I dare say gentlemen, we have neglected this thread for far too long. We must take up arms and show these silly dainty children what a real gentleman is.
"Give me women, wine and snuff
Until I cry out 'hold, enough!"
Gentlemen, if you don't mind in indulging me in a fair bit of smut and boastfulness, I just bought this new cigarette case, whilst traversing the Orient. Brandished upon it's front is a woman allowing us to gaze at her plump, pale, yellow breasts. My fiancÚ has taken some offence to this. When did my Beatice, and all modern ladies for that matter, become so opinionated? Can someone show me where I have erred?

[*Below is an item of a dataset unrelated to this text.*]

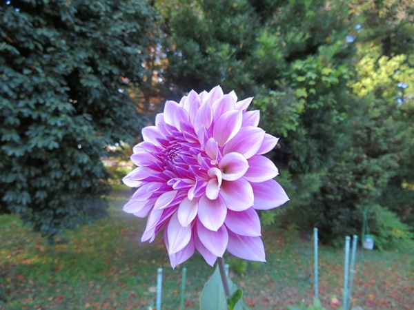 皇帝ダリア。学名;Dahlia imperialis. 英名:Tree dahlia. きく科だりあ属。原産地はメキシコ、グアテマラ等。オランダから長崎に移入。多年性草本。草丈3~4m、地中に大きな塊根をつける。開花時期は晩秋、紅紫色の花をつける。モノテルペン系β-Pinene(抗菌活性)等含有。(hy)
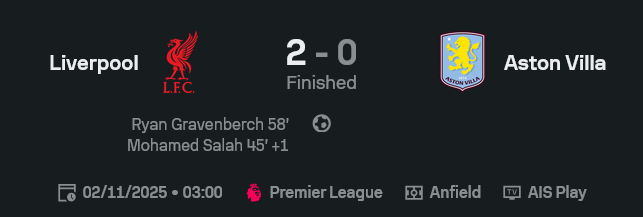 ลิเวอร์พูลภายใต้การคุมทีมของอารเน่อ สล็อต ยังโชว์ฟอร์ม วิเคราะห์บอล ระดับทีมลุ้นแชมป์ได้ชัดเจน แม้ วิลล่า จะพยายามเน้นเกมรับแน่นและสวนกลับ แต่การประสานงานของคู่กลางอย่าง กราเวนเบิร์ช กับ มัก อัลลิสเตอร์ ถือว่าเหนือกว่าอย่างเห็นได้ชัด เกมนี้แนวรุกเจ้าถิ่นคมและมีจังหวะเข้าทำต่อเนื่อง ต่างจากทีมเยือนที่แทบไม่มีโอกาสจบสกอร์จัง ๆ เลย เรียกได้ว่าหงส์แดงเล่นด้วยสมดุลทั้งรุกและรับ จบเกมคว้าชัยแบบสมราคา

I believe it was the year of our Lord 1920, in which we allowed women to vote in our beloved country. After then, it was quite difficult to keep, ahh, how should i put this, the woman under the boot.
If I may say so.
I had not made this connection, and I greatly appreciate your correspondence! Next time I am in Singapore, I shall inquire where the wharf is, and upon reaching the wharf, I shall inquire where the western sailors acquire tattoos, and upon reaching said location, I shall inquire about the availability of a tattoo that is a portrait of Susan B. Anthony, and upon payment I shall point out the desired location of her visage, and I shall take off my left shoe, and point at the heel of my foot.